## Precalculus (6th Edition) Blitzer

The equation “$\underset{x\to 5}{\mathop{\lim }}\,\text{ }\frac{{{x}^{2}}-25}{x-5}=\frac{\underset{x\to 5}{\mathop{\lim }}\,\text{ }\left( {{x}^{2}}-25 \right)}{\underset{x\to 5}{\mathop{\lim }}\,\text{ }\left( x-5 \right)}$” is false.
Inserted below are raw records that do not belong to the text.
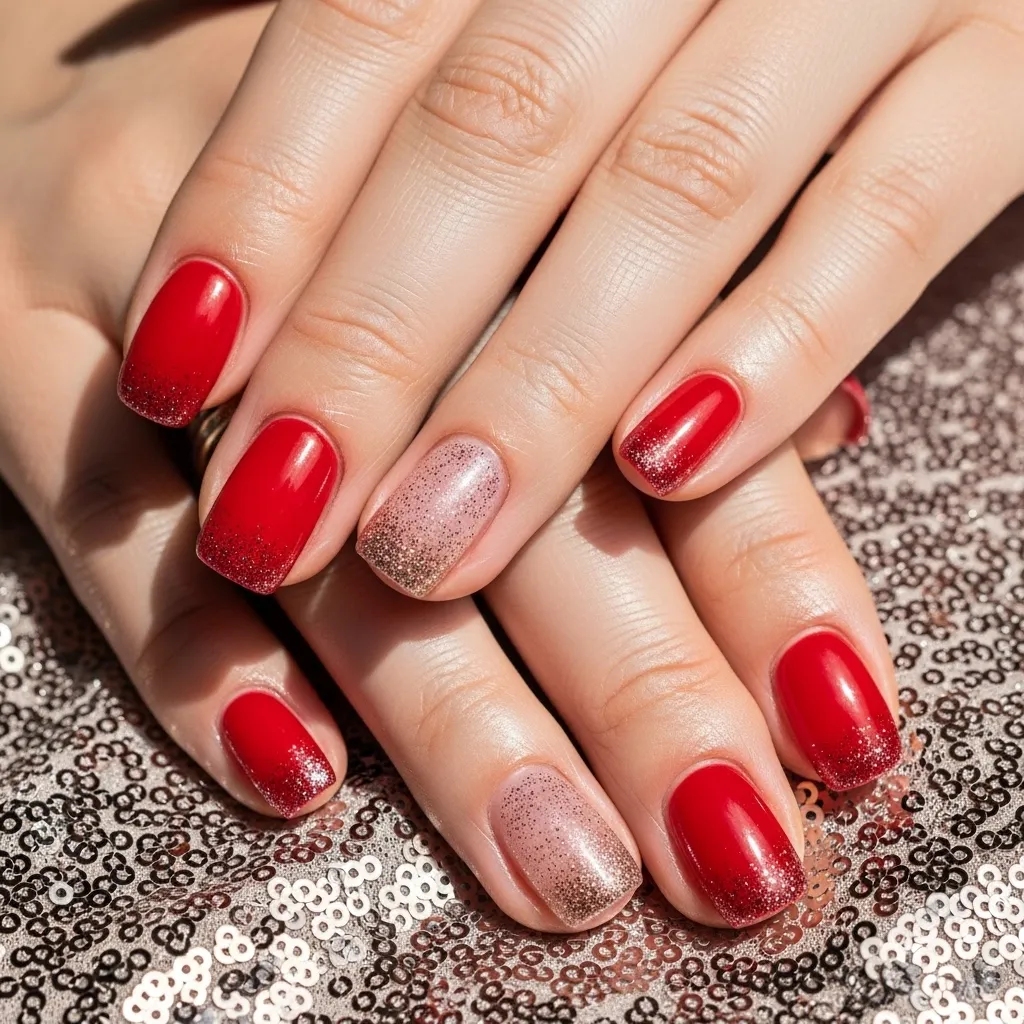 Keep most of your nails a solid, glossy red. Then, on your accent nail (I usually choose the ring finger), ask for a gradient of red glitter fading from the tip.
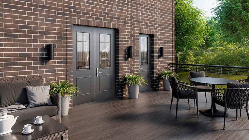Отделка панелями повторяет кирпичную или каменную кладку. Материал широко применяется в малоэтажном строительстве. Его востребованность обусловлена эксплуатационными свойствами, в том числе устойчивостью к сезонному колебанию температур, ударопрочности и технологичности монтажа. Размер фасадной панели 1 метр на 0,42 м. Монтируется новинка по технологии вентилируемого фасада – на обрешетку.
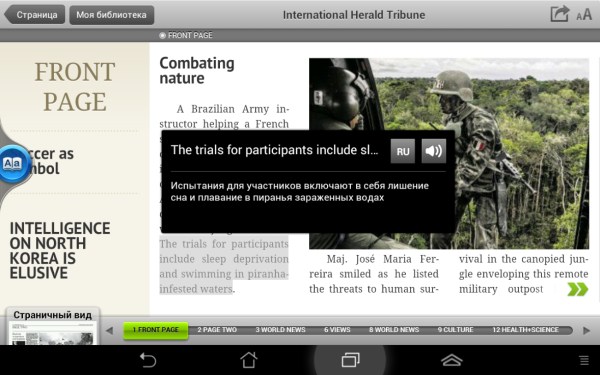 В планшете установлен очень удобный словарь Instant Dictionary, работающий поверх любой запущенной программы. Включать и выключать словарь можно не выходя из нее, при помощи кнопки у левого края. Когда словарь включен, достаточно провести линию по тексту, который нужно перевести, и во всплывающем окне появится перевод. Там же можно изменить язык перевода и озвучить исходную фразу.

The limit of the quotient of two functions equals the quotient of their limits when the limit of the denominator is not zero. That is: The limit of a quotient: If $\underset{x\to a}{\mathop{\lim }}\,\text{ }f\left( x \right)=L\text{ and }\underset{x\to a}{\mathop{\lim }}\,\text{ }g\left( x \right)=M\text{ };M\ne 0$, then $\underset{x\to a}{\mathop{\lim }}\,\text{ }\frac{f\left( x \right)}{g\left( x \right)}=\frac{\underset{x\to a}{\mathop{\lim }}\,f\left( x \right)}{\underset{x\to a}{\mathop{\lim }}\,g\left( x \right)}=\frac{L}{M}\text{ };M\ne 0$ This is the quotient property. Before applying the quotient property, find the limit of the denominator. If this limit is not zero, apply the quotient property. And if the limit of the denominator is zero, the quotient property cannot be used. Now, the two functions in this limit problem are $f\left( x \right)={{x}^{2}}-25$ and $g\left( x \right)=x-5$. The limit of the quotient of these functions is $5$. The first step is to find the limit of the denominator, $g\left( x \right)$. \begin{align} & \underset{x\to 5}{\mathop{\lim }}\,\text{ }x-5=5-5 \\ & =0 \end{align} Since, the limit of the denominator is zero, the quotient property cannot be used. Hence, $\underset{x\to 5}{\mathop{\lim }}\,\text{ }\frac{{{x}^{2}}-25}{x-5}$ cannot be written as $\frac{\underset{x\to 5}{\mathop{\lim }}\,\text{ }\left( {{x}^{2}}-25 \right)}{\underset{x\to 5}{\mathop{\lim }}\,\text{ }\left( x-5 \right)}$. Therefore, the statement “$\underset{x\to 5}{\mathop{\lim }}\,\text{ }\frac{{{x}^{2}}-25}{x-5}=\frac{\underset{x\to 5}{\mathop{\lim }}\,\text{ }\left( {{x}^{2}}-25 \right)}{\underset{x\to 5}{\mathop{\lim }}\,\text{ }\left( x-5 \right)}$” is false.